Former administration officials, who spoke to the Times on the condition of anonymity, said Vice President Dick Cheney was among advisers to then-President George W. Bush who argued that a president had the power to use the military on domestic soil.
The Times said Bush made the decision to not use military force. Doing so would have raised serious questions of constitutionality, the Times reported.
The discussions did not proceed far enough to put military units on alert.
On the night of Sept. 13, 2002, FBI agents conducted raids on several houses and a store and arrested several men of Yemeni descent. They came to be known as the Lackawanna Six and eventually admitted that in the spring of 2001, they traveled to Afghanistan, received training at a camp run by the al-Qaida terrorist network and heard speeches by al-Qaida’s leader, Osama bin Laden.

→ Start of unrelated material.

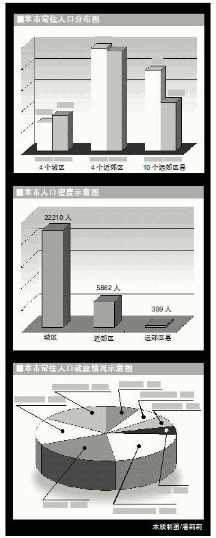 ●调查显示:2005年全市人口平均密度为每平方公里937人,比2000年增加了106人。其中,城区、近郊区、远郊区县的人口密度分别为每平方公里22210人、5862人、389人。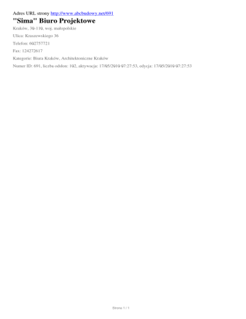 "Sima" Biuro Projektowe, Krakow, Kraszewskiego 36

Cheney and others had argued that using the military on domestic soil against al-Qaida was legal “because it served a national security, rather than a law enforcement, purpose,” the Times reported.
“The president has ample constitutional and statutory authority to deploy the military against international or foreign terrorists operating within the United States,” an Oct. 23, 2001 Justice Department memorandum said. The memo was declassified earlier this year.
While those in favor of using troops in Lackawanna cited the memo, other Bush aides were dead set against using the military on domestic soil.
“What would it look like to have the American military go into an American town and knock on people’s door?” a former official in the debate told the Times.
Lackawanna Police Chief James L. Michel agreed that keeping troops out was a good idea. “If we had tanks rolling down the streets of our city, we would have had pandemonium down here,” Michel told the Times. He could not be reached by The Buffalo News Friday.
High level Bush aides were among those who opposed the proposed military maneuver, including Condoleeza Rice, then the national security adviser; John B. Bellinger III, the top lawyer at the National Security Council; Robert S. Mueller III, the director of the Federal Bureau of Investigation; and Michael Chertoff, then the head of the Justice Department’s criminal division, the Times said.
“Frankly, it was a bit of a turf war,” a former senior administration official told The Times. “For a number of people, crossing the line of having intelligence or military activities inside the United States was not worth the risk.”